DEEP PURPLE Deep Purple In Concert ratings distribution

(155 ratings)
Essential: a masterpiece of rock music(46%)
Excellent addition to any rock music collection(42%)
Good, but non-essential (10%)
Collectors/fans only (2%)
Poor. Only for completionists (0%)

DEEP PURPLE Deep Purple In Concert reviews

Showing all collaborators reviews and last reviews preview | Show all reviews/ratings

Collaborators/Experts Reviews

Review by micky
SPECIAL COLLABORATOR Honorary Collaborator
4 stars My first Deep Purple review..dedicated to Gminer, the ultimate Blackmore fanatic, who got me to look past Machine Head and see that early Deep Purple was quite progressive several years ago. I had pulled this out earlier and was curious to see how it had been reviewed Wow! Surprised this hadn't been added yet considered I'm at best a casual Deep Purple fan. Anyway.. it's added ...and what a complement to Made in Japan this album is.

The album is a double CD set of over 2 hours of Deep Purple mk 2 in concert from BBC radio broadcasts in 1970 four months before their 'breakthrough' album 'In Rock' . The second album was also a BBC broadcast, now of course Deep Purple were one of rock biggest acts. Both as you expect of radio broadcasts are of very high quality.

The first show recorded early in the life of Mk. 2 when the set list still consisted of Mk. 1 warhorses is the real gem here.

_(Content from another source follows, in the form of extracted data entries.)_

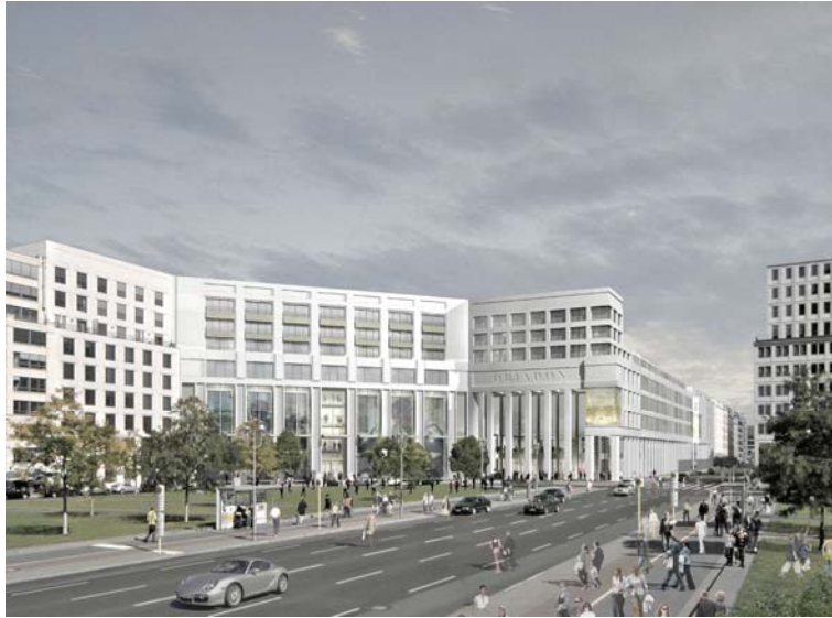
Perspektive Leipziger Platz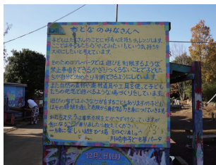
川崎市子ども夢パークの調査。現在の子どもを取り巻く環境を危惧し、親と子どもが健やかに成長する機会をこの岩見沢でもつくり出せるように視察。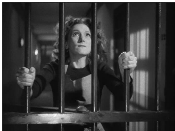
Figure 24 : Capture de Thérèse (2/2) : écrasement et négation de la profondeur de champ (Les Anges du péché)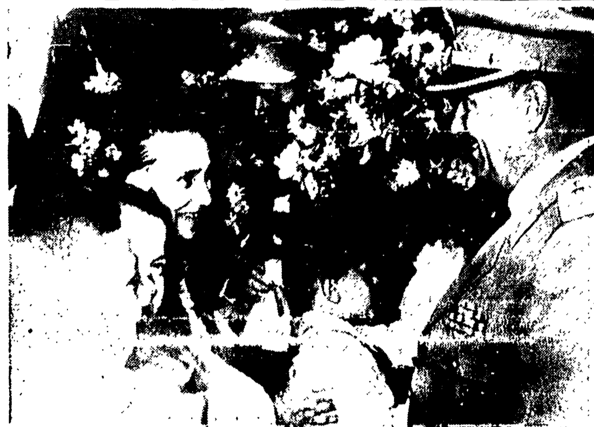
MOSCA - I fiori dei bimbi moscoviti al compagno Tito

PARIGI, 2. - (A. P.) - Guy Mollet ha posto questa notte la questione di fiducia sulla politica governativa in Algeria, Marocco e Tunisia. Un solo ordine del giorno contro le previsioni. Tale decisione è uscita stanotte da una riunione dibattimentale del gruppo parlamentare SFIO. I socialisti più coscienti hanno fatto rilevare a Guy Mollet che presentando tre ordini del giorno distinti uno per ognuno dei problemi dell'Africa del Nord si faceva il gioco della reazione. Questa infatti aveva in programma di votare contro la politica governativa condotta dal ministro Savary a Marocco e Tunisia, di condannare la politica estera di Pincou e dare un voto massiccio alla politica algerina di Lacoste. In questo modo Guy Mollet si sarebbe trovato con una certa maggioranza contraria a se stesso.

The Hammond and guitar duels between Lord and Blackmore are worth the price of the whole set alone, and a view into the prog nature of the group during the period of the late 60's before Lord was usurped as primary musical leader by Blackmore. My favorite of the two disks for the shear progressive nature of the music.

The second show is a nice companion of sorts to all of us who, like the good rock fans that wer are, all have a copy of Made in Japan. The performances are less frantic yet more tight. This album is noteworthy for having live versions of two Machine Head songs which were done only for this one show's occasion live. Maybe I'm a Leo and Never Before. As the first disk sound qualty is excellent ...the performances incredible yet different in subtle ways from the well known Made in Japan album. A fabulous show from a group on top of the world and playing before a home crowd in London's Paris Theater. Having taken a break from a headlining U.S. tour. Highly highly recommended.

As far as rating these.. one of the easier ones I've rated. 5 stars for me.. some GREAT instrumental interplay and fabulous solos..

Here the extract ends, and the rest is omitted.